■ **PROBLEM STATEMENT**: Quote every line of the data below as it stands, omitting pictures.

■ **SUPPLIED INFORMATION**:
# # # #

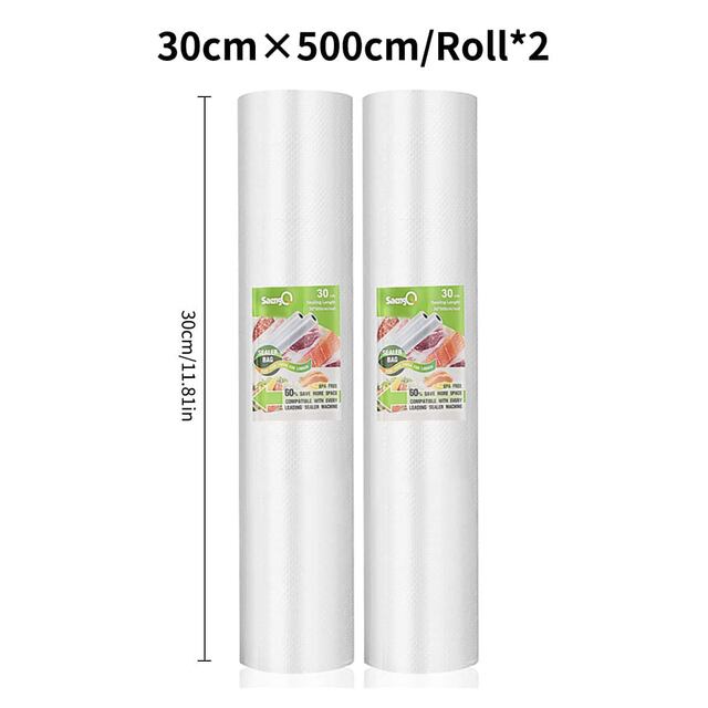 食品真空包装ロール、長い質感のロール、圧縮バッグ、片面メッシュ、500cmの2パック
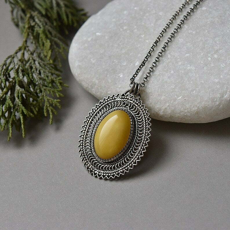 Tags: Amber jewellery gift, Amber silver pendant, Baltic Amber necklace, honey amber pendant, Oval filigree pendant
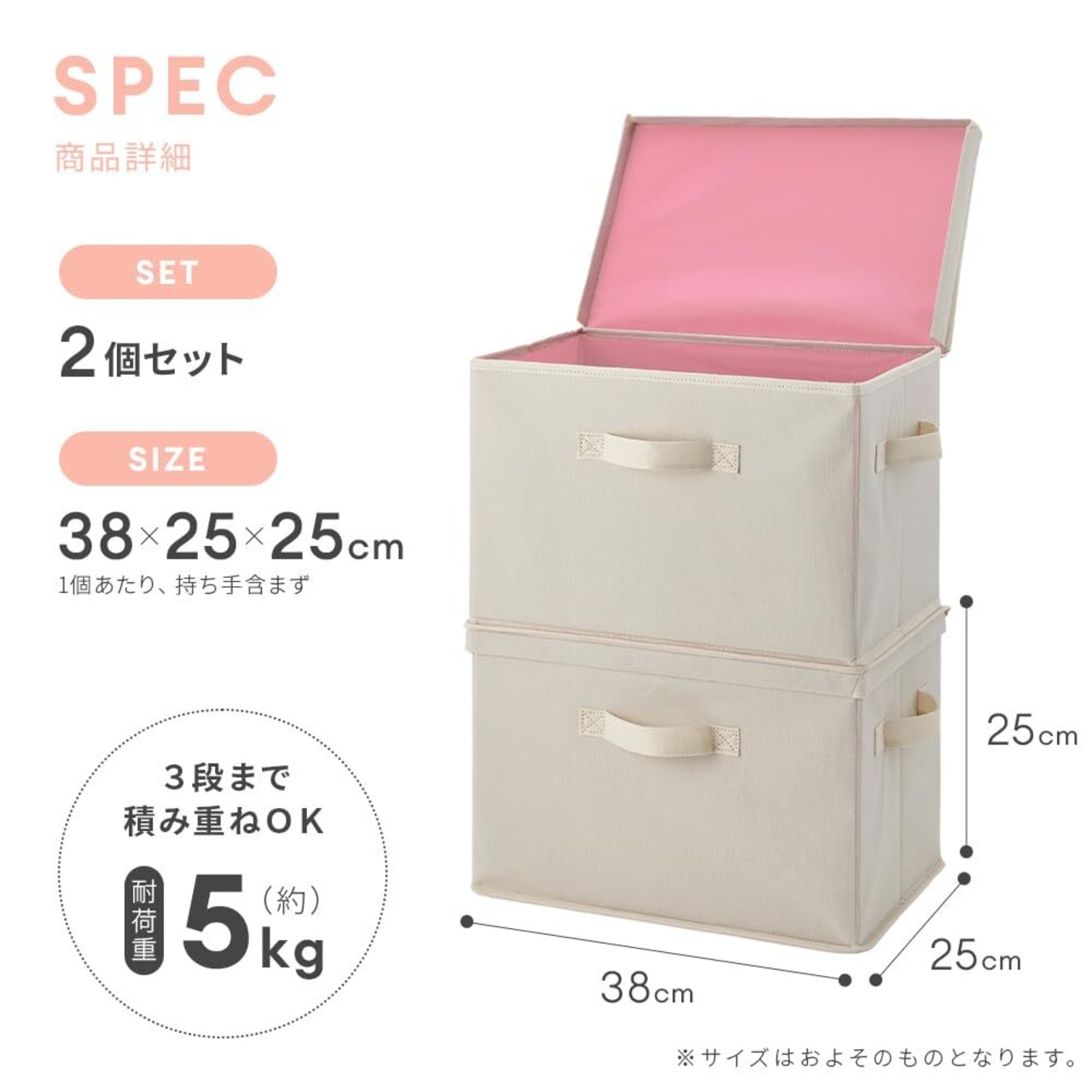 アイメディア(Aimedia) 収納ボックス 2個セット ベージュピンク 折りたたみ フタ付き 不織布 大容量 24L 整理ボックス 収納ケース 衣装ケース 衣類収納 積み重ね フタ付整理箱 おしゃれ

# # # #

■ **RESPONSE TO THE TASK**:
 食品真空包装ロール、長い質感のロール、圧縮バッグ、片面メッシュ、500cmの2パック
 Tags: Amber jewellery gift, Amber silver pendant, Baltic Amber necklace, honey amber pendant, Oval filigree pendant
 アイメディア(Aimedia) 収納ボックス 2個セット ベージュピンク 折りたたみ フタ付き 不織布 大容量 24L 整理ボックス 収納ケース 衣装ケース 衣類収納 積み重ね フタ付整理箱 おしゃれ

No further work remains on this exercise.